AW: Nicht-Lokalität und Relativitätsprinzip; VWI
 
Ein etwas besseres Beispiel ist ein Paar Schuhe. Auch bei räumlicher Trennung und ohne kausale Interaktion gibt es immer genau einen rechten und einen linken Schuh.

Allerdings ist auch dieses Beispiel nicht perfekt. Der eine Schuh ist immer und unabhängig von der Messung (z.B.) ein rechter Schuh. Das ist bei zwei verschränkten Spins nich der Fall.

Timm 03.09.16 09:54

AW: Nicht-Lokalität und Relativitätsprinzip; VWI
 
Zitat:

Zitat von TomS (Beitrag 82500)
Die VWI hat das Problem der Nicht-Lokalität explizit nicht

Unter Nicht-Lokalität verstehe ich die instantane Erzeugung fester Meßwerte unabhängig von der Entfernung in ein und derselben Welt. Wie hebelt die VWI diese experimentellen Befunde denn aus?

TomS 03.09.16 11:44

AW: Nicht-Lokalität und Relativitätsprinzip; VWI
 
Zitat:

Zitat von Timm (Beitrag 82526)
Unter Nicht-Lokalität verstehe ich die instantane Erzeugung fester Meßwerte unabhängig von der Entfernung in ein und derselben Welt. Wie hebelt die VWI diese experimentellen Befunde denn aus?

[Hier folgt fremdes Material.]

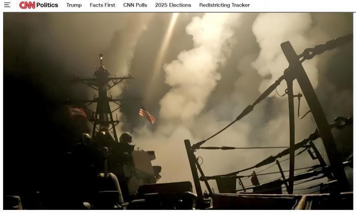 美军战舰发射导弹。图 / 美国有线电视新闻网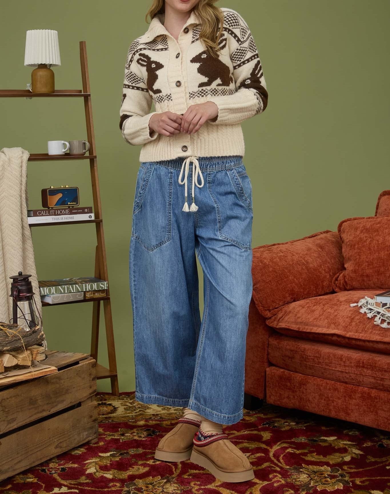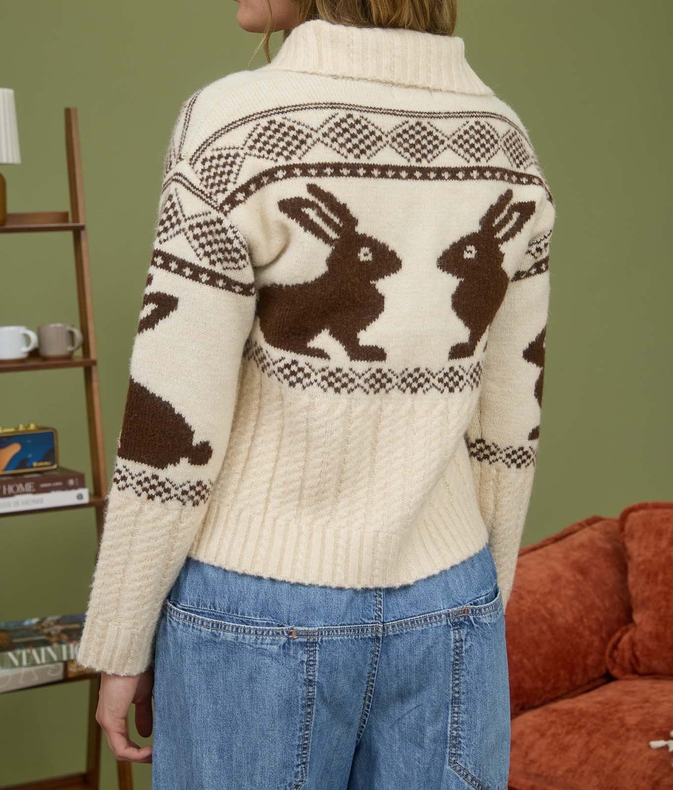 A cute and comfy long-sleeved cardigan with an adorable bunny detail design throughout, a front button closure, and a collared neckline.

Im Rahmen der VWI entstehen keine festen Messwerte; ein Messwert ist nur (näherungsweise) je Zweig realisiert. Durch Dekohärenz entsteht eine (in der Zeigerbasis näherungsweise diagonale) Superposition = Zweigstruktur. Diese entsteht jedoch weder instantan noch überall; ihre Dynamik folgt ganz normal der Schrödingergleichung.

In einer relativistischen Theorie breitet sich diese Zweigstruktur (mit der Verschränkung mit weiteren Freiheitsgraden) im / auf dem Lichtkegel aus, da die Zeitentwicklung die Lorentz-Kovarianz respektiert.